Copying entire compositions is different from references. I'm case you're unfamiliar, artists usually have a few images off to the side of their workpiece to look at for inspiration and to reference colors and image elements.


That's the thing though, a it's not uncommon for ML-generated images have major elements that are almost 1:1 copies of existing pieces, especially if the prompt includes an artist's name or a style that's closely tied to a particular artist, going well beyond an artist using existing pieces for reference/inspiration.


Why do we make analogies to people? Machines have no rights of expression or inherent freedoms. There is no "learning", we're not "teaching" the machine anything. It boils down to heuristics and statistics. Imagine we're in the 1930s with no computers: If I were to study every every Agatha Christie book and write my own based on statistical likelihoods of words, characters, plot elements etc. I would be seen as a copy-cat hack-fraud author or worse. If I were to take inspiration of the crime/thriller/detective genre and write my own story in my own universe then I would be simply an author within the same genre.

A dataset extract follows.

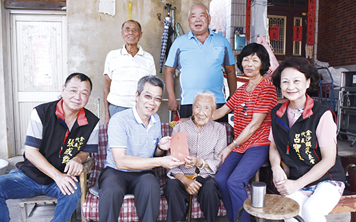 「平安有福」九九重陽節屆臨,金沙鎮公所舉辦重陽敬老活動,除了進香活動,也致贈轄內65歲以上長者重陽敬老酒。並由鎮長吳有家、代表張成爵、呂寶玉等代表,走訪轄內各里探視百歲人瑞並一一贈禮,獻上問候關懷,也學習長輩們的生活智慧,一行人的到訪也讓阿公阿嬤滿心歡喜,連聲道謝,場面相當溫馨。 家有一老如有一寶!九九重陽節將屆,金沙鎮公所舉辦重陽敬老活動,除了致贈敬老酒給設籍金沙鎮滿一年之65歲以上長者,也規劃百歲人瑞贈禮及進香活動。根據金沙鎮公所統計,鎮內目前滿百歲及逾百歲之人瑞共計有10人,包括,陳蔡歐、陳言螺、李在、歐陽李束嬌、黃莊淑靜、何玉霜、張寶治、張林瑞凉、陳淮欉、楊螺等,經過訪視及和家屬聯繫,於10月3日一一前往探視,關心生活起居、健康狀況,並致贈重陽敬老禮金。 鎮長吳有家、鎮代表張成爵、鎮代表呂寶玉等一行人聯袂探視鎮轄百歲長者,阿公阿嬤見到一行人的到訪都十分歡喜,連聲謝道「感謝您的到訪」;對於收到紅包更連忙推辭,直說「真不好意思」。其中,最高齡的何玉霜開心和吳鎮長等人寒暄,感謝大家的關心;識字的張寶治現場以閩南語念起紅包袋上的題字「平安有福」;斗門的長者陳淮欉自行簽收賀禮,讓一行人深感佩服。西園的黃莊淑靜也在里長黃志明、兒子和媳婦的陪伴下,分享她日常飲食;家住洋山的李在也連聲道謝,讓大家見到長者們的謙遜好禮和生活智慧。 而今年金沙鎮重陽敬老進香活動,於5日登場,近500人分乘13台車,前往金城天后宮、豐蓮山牧馬候祠、李光前將軍廟、雙鯉古地(關帝廟)古寧頭和平園區等進香祈福和參觀,中午並餐會聯誼。

ChatGPT/"ML" copy the fine details. We're getting artists signatures turn up in generated work... That's not inspiration, and I would argue not even transformative.


That is because the AI doesn't have enough context knowledge to distinguish prominent signatures from stylistic flourish or a thing being represented in the painting. The generated signatures themselves are usually very different, though in some cases they can come very close to the original artist signature when properly prompted for artists with "big" signatures. Better image part tagging will solve this.


If you want to get pendantic, the human brain ultimately functions off heuristics and inputs. Again, references are not copied, they are used to inspire and guide new artwork. Even artists producing totally original artwork use references.


The current ML approaches are not "studying", and have no thought process whatsoever, let alone "in a similar way that humans do". They build models that allow them to reproduce existing works in whole or in part—usually in many parts, put together to form a new work formed wholly out of those elements.

Humans learn actual techniques; they understand what the elements in their art actually mean; when they copy, they do so with intention (whether malicious or not). ML approaches to content creation are incapable of intention, because intention is the product of a conscious mind, and regardless of how similar some of the data structures involved in them are to certain models of the human brain, not one of the existing ML projects even remotely approaches anything we could term consciousness. (Nor is that even their purpose.)


Trained on 5 billion images to create a 6 GB model. Every image contributed no more than a few bits of information.


Billion and Giga is both 10^9, so about 6/5 or 1.2 byte or 10 bits, and somehow enough to regurgitate examples from training set[0]. Oh how convincing “AI is just learning as humans do” arguments are.

0: https://twitter.com/kortizart/status/1588915427018559490


Maybe this incredibly famous photo from a National Geographic cover is overrepresented in the training set?


Well I TIL humans are incapable of copying another piece of art even when asked to do so


It's never too late to learn to draw!


I could learn to mine pigments and create paints too but we have better options now


Pick up a pencil, start from drawing a circle, a real circular circle... Caveman in front of a VT100 is still a caveman. Caveman with a charred willow branch in hand, is something a bit more than that.


Your statement implies the source dataset's file sizes represent the amount of visual information in them. This is almost certainly not the case.